Needs more guidance about how a destructor should behave here if the user doesn't cal the shutdown method. Panic, or shutdown anyway?
Fn, FnMut, and FnOnce should be implemented by function-like objects which can be called (e.g., callbacks).
I would just say never implement these traits. Is there an example where doing so is a good idea?
Prefer to use generics and trait bounds (or impl Tr) rather than concrete types.
This is a pretty strong blanket statement. There are a few common patterns where people tend to prefer generics, like with AsRef, but personally I'm happy with explicit types and less generic bloat.
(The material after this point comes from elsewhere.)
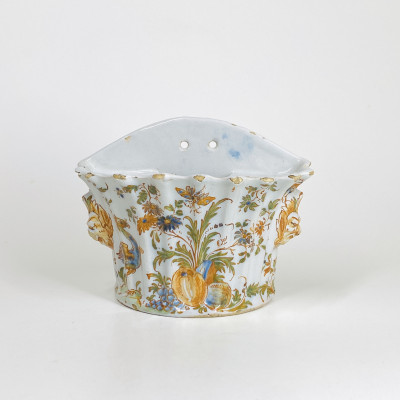 Bouquetière d'applique en faïence de Lyon à décor polychrome de citrouilles au pied de larges branchages fleuris et d'une autruche, les anses en forme de mascarons - XVIIIe siècle.

APIs filled with clever generics are hard to read.
I particularly dislike the pattern that uses generics to accept either Option or T...
If a function is only used by methods of a single data type, it should be a static method of that data type.
It's not obvious to me what this means, but I think it's saying to write private functions as static methods. I don't really agree with this, since I think it clutters up the type - helper functions that don't have a receiver, but are written as static methods require extra syntax to call and create an impression of greater coupling than actually existse. Modules are the primary abstraction boundary in Rust, so private standalone functions are more suitable for these cases. I standalone function written after an impl block suitably deemphasizes these kind of functions.
Generics are usually, but not always, better.
Citation would help.
Avoid using let _ = to address an unused result warning. Prefer to use ? or unwrap.
What about expect? TiKV is filled with bad unwraps...
Prefer to use turbofish rather than type ascription
I was not even aware rust had type ascription yet! Seems like the feature is still in flux.
Avoid pattern-matching on all fields in a struct - this is a backwards compatibility hazard.
What's the hazard?
If a function can panic, that should be conveyed in the name of the function - usually by including unwrap or assert.
Never seen this guideline before. Maybe word more like, if a function is expected to panic.
Prefer to use push and push_str to build strings rather than the format macro.
This seems pretty untenable. format is too convenient and readable, and conveys intent clearly. I don't want to open code a string builder every time I need to compose a string.